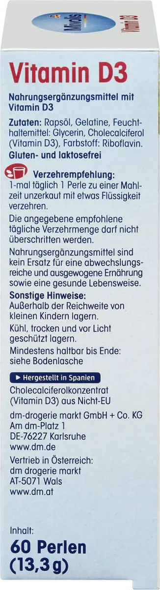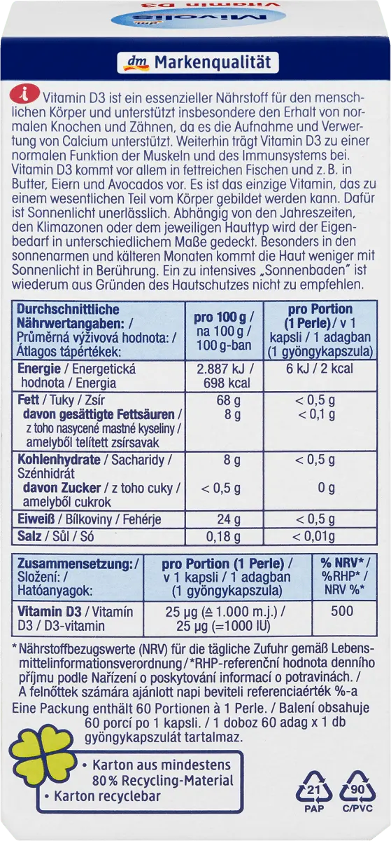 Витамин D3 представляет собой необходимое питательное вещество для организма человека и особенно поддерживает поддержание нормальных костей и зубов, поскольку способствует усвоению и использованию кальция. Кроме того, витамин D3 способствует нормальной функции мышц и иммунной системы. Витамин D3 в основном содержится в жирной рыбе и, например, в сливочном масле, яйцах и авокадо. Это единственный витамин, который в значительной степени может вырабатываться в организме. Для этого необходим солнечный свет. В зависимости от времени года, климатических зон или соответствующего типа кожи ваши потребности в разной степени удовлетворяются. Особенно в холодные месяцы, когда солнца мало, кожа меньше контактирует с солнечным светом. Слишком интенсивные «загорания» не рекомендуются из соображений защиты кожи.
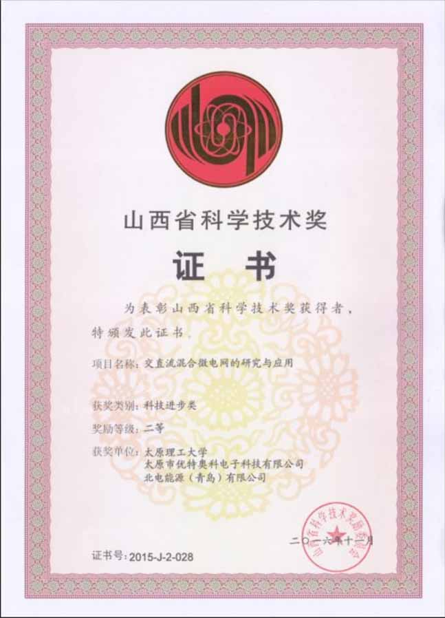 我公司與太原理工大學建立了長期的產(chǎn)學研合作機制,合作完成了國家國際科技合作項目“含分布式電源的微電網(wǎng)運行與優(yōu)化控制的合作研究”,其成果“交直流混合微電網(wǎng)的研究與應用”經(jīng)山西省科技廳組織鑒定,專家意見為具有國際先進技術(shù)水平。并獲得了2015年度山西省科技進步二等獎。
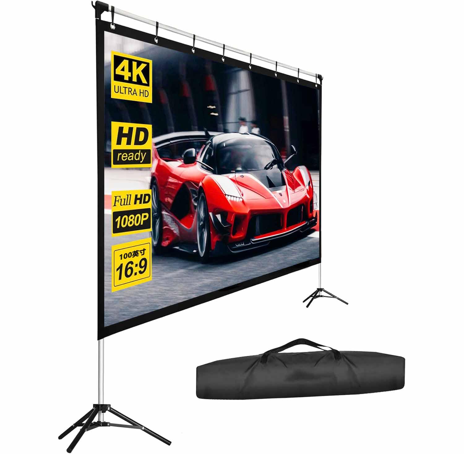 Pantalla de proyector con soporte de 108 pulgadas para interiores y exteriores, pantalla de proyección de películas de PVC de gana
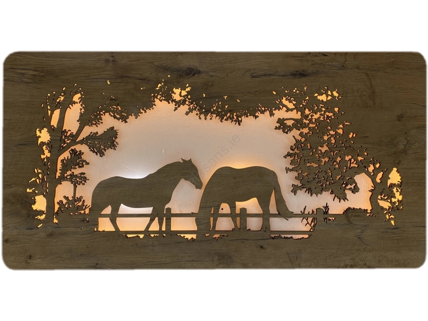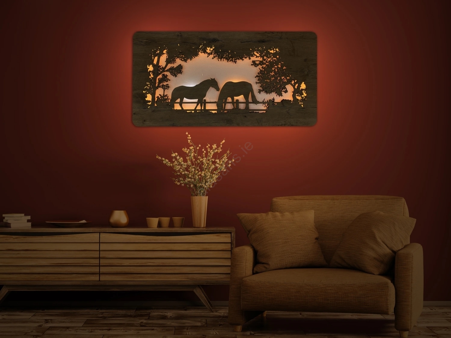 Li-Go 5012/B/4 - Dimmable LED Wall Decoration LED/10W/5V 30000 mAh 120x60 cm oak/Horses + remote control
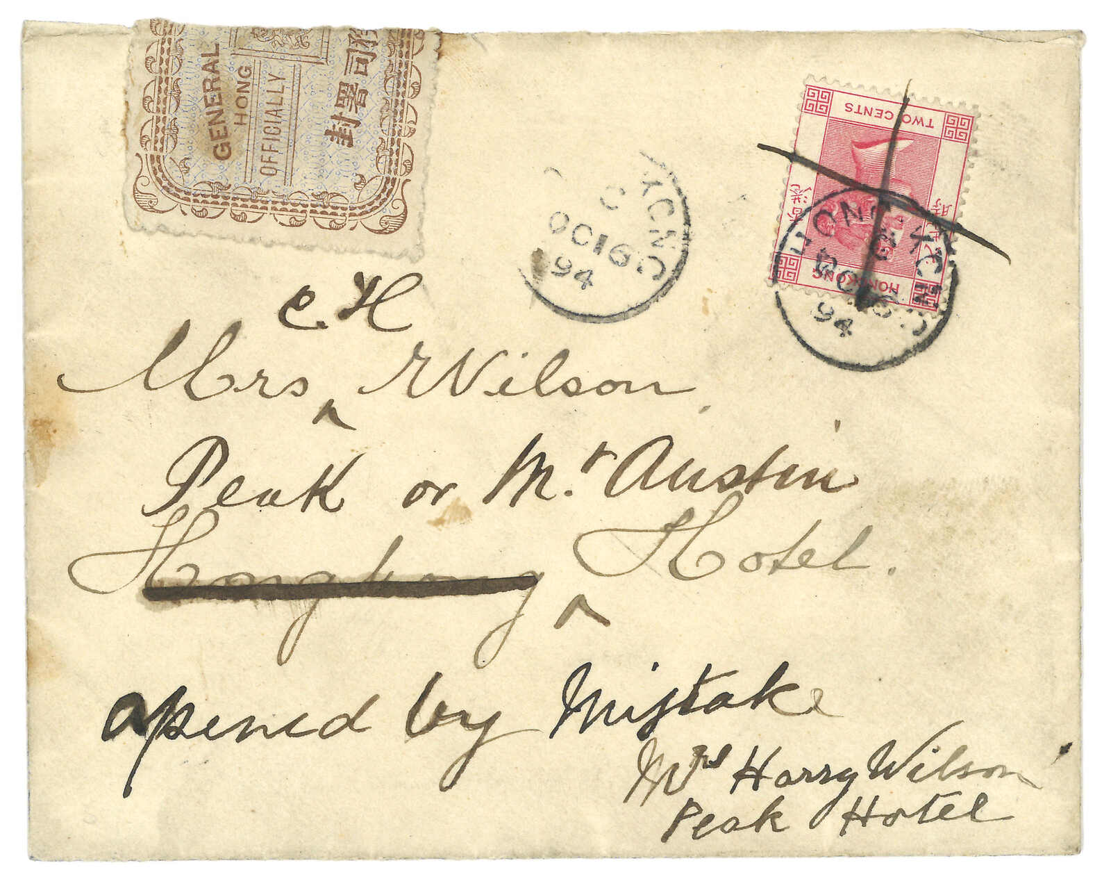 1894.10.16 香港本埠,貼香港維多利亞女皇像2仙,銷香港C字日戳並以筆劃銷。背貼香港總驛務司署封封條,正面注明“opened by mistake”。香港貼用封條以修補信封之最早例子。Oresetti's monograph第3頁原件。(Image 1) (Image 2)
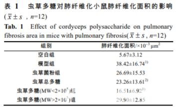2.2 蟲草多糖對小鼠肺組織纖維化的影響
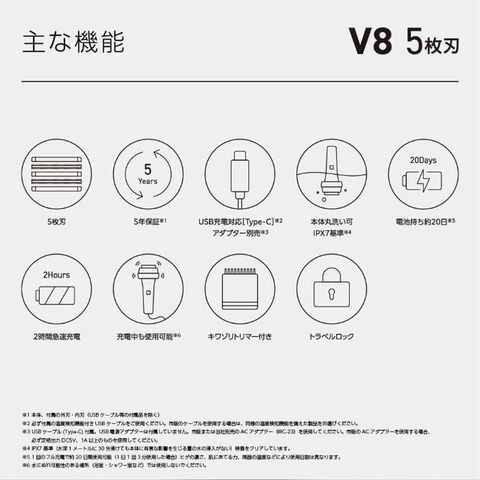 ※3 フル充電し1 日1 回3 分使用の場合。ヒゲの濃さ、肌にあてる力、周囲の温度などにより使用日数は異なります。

━━━━━━━━

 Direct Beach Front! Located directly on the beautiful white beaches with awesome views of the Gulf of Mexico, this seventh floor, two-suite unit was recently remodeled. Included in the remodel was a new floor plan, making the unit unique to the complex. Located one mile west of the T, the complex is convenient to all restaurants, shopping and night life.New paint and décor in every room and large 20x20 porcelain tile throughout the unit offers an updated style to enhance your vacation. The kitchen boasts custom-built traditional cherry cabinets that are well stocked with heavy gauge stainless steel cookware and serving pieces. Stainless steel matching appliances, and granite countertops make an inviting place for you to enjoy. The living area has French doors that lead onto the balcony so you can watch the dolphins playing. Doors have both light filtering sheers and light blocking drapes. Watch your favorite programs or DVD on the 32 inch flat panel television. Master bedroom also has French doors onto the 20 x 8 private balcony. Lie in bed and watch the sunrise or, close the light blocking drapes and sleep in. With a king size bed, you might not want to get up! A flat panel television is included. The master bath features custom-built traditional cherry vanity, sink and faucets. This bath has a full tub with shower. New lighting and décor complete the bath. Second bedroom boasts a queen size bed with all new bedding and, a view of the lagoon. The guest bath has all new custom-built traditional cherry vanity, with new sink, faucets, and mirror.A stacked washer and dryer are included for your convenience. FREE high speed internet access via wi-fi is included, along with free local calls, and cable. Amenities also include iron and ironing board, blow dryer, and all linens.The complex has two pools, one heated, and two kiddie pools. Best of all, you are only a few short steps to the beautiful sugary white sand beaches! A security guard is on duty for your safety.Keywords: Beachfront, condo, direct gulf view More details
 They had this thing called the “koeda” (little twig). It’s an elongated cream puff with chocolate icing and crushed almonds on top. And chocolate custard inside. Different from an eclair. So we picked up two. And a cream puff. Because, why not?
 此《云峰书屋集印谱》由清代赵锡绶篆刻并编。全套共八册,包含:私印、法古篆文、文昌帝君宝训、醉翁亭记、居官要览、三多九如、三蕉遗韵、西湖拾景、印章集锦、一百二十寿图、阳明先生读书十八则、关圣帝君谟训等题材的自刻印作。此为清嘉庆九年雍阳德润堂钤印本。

━━━━━━━━

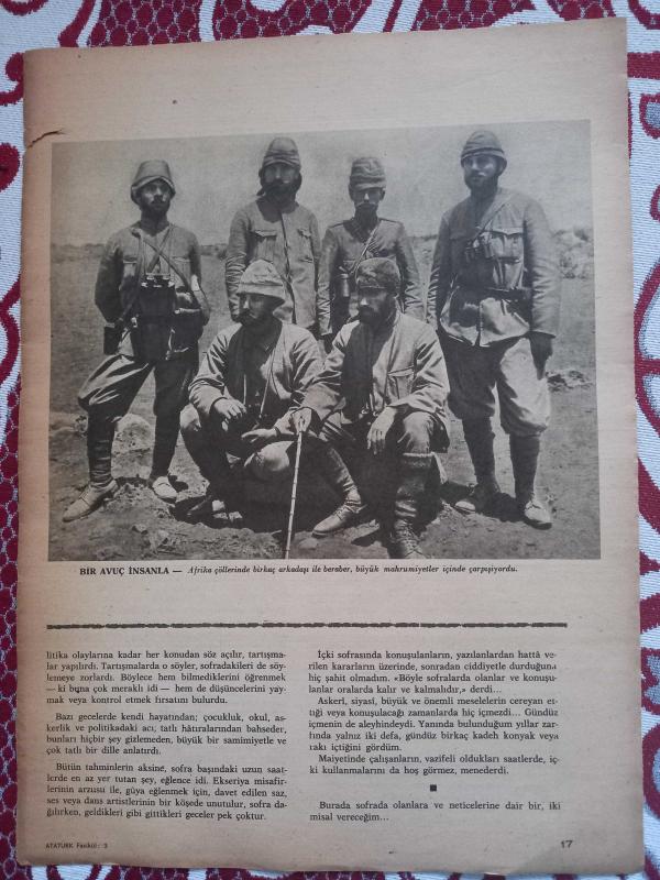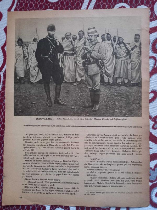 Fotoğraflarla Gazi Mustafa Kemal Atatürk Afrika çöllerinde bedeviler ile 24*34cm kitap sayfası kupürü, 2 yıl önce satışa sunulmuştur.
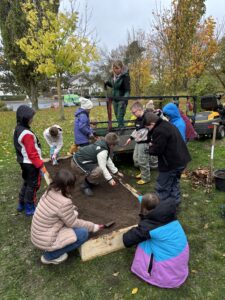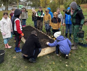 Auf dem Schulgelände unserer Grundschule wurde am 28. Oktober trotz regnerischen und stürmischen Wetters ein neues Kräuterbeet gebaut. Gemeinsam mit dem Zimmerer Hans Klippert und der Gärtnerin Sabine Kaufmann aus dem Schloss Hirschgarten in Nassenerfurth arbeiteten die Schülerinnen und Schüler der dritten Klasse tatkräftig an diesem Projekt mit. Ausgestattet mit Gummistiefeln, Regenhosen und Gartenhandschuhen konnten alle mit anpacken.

━━━━━━━━

- Exercise instructions: Taking the records above, print only and exactly the lines from the line with "我公司與太原理工大學建立了長" to the line with "日1 回3 分使用の場合。ヒゲの濃さ、肌にあてる力、周囲の温度などにより使用日数は異なります。", both kept, and exclude pictures.

- Your solution:
 我公司與太原理工大學建立了長期的產(chǎn)學研合作機制,合作完成了國家國際科技合作項目“含分布式電源的微電網(wǎng)運行與優(yōu)化控制的合作研究”,其成果“交直流混合微電網(wǎng)的研究與應用”經(jīng)山西省科技廳組織鑒定,專家意見為具有國際先進技術(shù)水平。并獲得了2015年度山西省科技進步二等獎。
 Pantalla de proyector con soporte de 108 pulgadas para interiores y exteriores, pantalla de proyección de películas de PVC de gana
 Li-Go 5012/B/4 - Dimmable LED Wall Decoration LED/10W/5V 30000 mAh 120x60 cm oak/Horses + remote control
 1894.10.16 香港本埠,貼香港維多利亞女皇像2仙,銷香港C字日戳並以筆劃銷。背貼香港總驛務司署封封條,正面注明“opened by mistake”。香港貼用封條以修補信封之最早例子。Oresetti's monograph第3頁原件。(Image 1) (Image 2)
2.2 蟲草多糖對小鼠肺組織纖維化的影響
 ※3 フル充電し1 日1 回3 分使用の場合。ヒゲの濃さ、肌にあてる力、周囲の温度などにより使用日数は異なります。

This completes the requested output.